Margriet Nienke de Schutter

Personal information
- Full name: Margriet Nienke de Schutter
- Nationality: Dutch
- Born: 1986 April 28 Groningen, The Netherlands
- Education: Hanze University
- Website: secretbalanceofchampions.com, extopsporter.nl

Sport
- Sport: Short Track Speed Skating

= Margriet Nienke de Schutter =

International media personality

Margriet Nienke de Schutter (born April 28, 1986, in Groningen) is an international media personality from The Netherlands and a former ice-skating competitor.
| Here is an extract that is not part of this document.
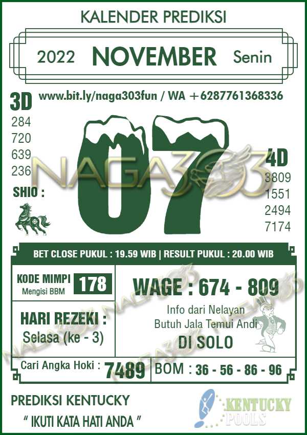 Agen Judi Online Terbesar & Terpercaya, Kami biasa memberikan info yaitu Prediksi KENTUCKY POOLS, dimana prediksi ini telah kami racik terlebih

She works as a motivational speaker, reporter, achor, interviewer, author, filmmaker, emcee, and sports journalist.

== Biography ==

=== Education ===
De Schutter attended Hanze University in Groningen, obtaining a Bachelor’s in science degree (B.S.) in International Communication with a minor in Conflict Management and a specialization in Media and Journalism. As a student, De Schutter undertook screenwriting at the Dutch Northern Film Festival in Leeuwarden in 2010. She won the festival’s Screenplay Award. This prize resulted in working with filmmaker Ismael Lotz and producer Thom Verheul, to accomplish the documentary 'Diepgaan voor Vancouver' (Going Deep for Vancouver), which won an award at the FICTS Film Festival in Milan in 2012.

== Sports ==

=== Short track speed skating career ===
Margriet de Schutter was a member of the Dutch National Short Track Speed Skating Team. She is a five-time Dutch National Champion in the relay. In 2003 (Budapest), she represented the Netherlands at the ISU World Junior Short Track Speed Skating Championships. She finished fourth in the relay during the ISU Short Track World Cup. She retired from elite sports in February 2010.

== Sport results ==

Dutch National Championships (individual)
| 2000 | 's-Hertogenbosch | 5th (junior C) |
| 2001 | Groningen | 2nd (junior C) |
| 2002 | The Hague | 4th (junior B) |
| 2003 | Heerenveen | 2nd (junior B |
| 2004 | Groningen | 5th (junior A) |
| 2005 | Zoetermeer | 2nd (junior A) |
| 2006 | Heerenveen | 6th (senior) |
| 2007 | The Hague | 4th (senior) |
| 2008 | Amsterdam | 6th (senior) |
| 2009 | Zoetermeer | - |
| 2010 | Tilburg | 4th (senior) |

Dutch National Championships (relay)
| 2000 | 's-Hertogenbosch | 1st (junior) |
| 2001 | Groningen | 2nd (junior) |
| 2002 | The Hague | 1st (junior) |
| 2003 | Heerenveen | 1st (junior) |
| 2004 | Groningen | 2nd (junior) |
| 2005 | Zoetermeer | 1st (senior) |
| 2006 | Heerenveen | 1st (senior) |
| 2007 | The Hague | 1st (senior) |
| 2008 | Amsterdam | 1st (senior) |
| 2009 | Zoetermeer | - |
| 2010 | Tilburg | 1st (senior) |

World Junior Championships
| 2003 | Budapest | 32nd (individual 6th (relay) |
| 2005 | Belgrade | Substitute |

World Cups
| 2007 | Heerenveen | 14th (1000 meter individual) 17th (500 meter individual) 4th (relay) |
| 2008 | Beijing | 31st (500 meter individual) 28th (1500 meter individual) |
| 2008 | Nagano | 24th (1500 meter individual) 29th (1500 meter individual) |

== Career ==
After De Schutter's sports career, she transitioned into the media industry. As a sports journalist, De Schutter has worked for the speed skating news platform, Schaatsen.nl, and other sports-based entities.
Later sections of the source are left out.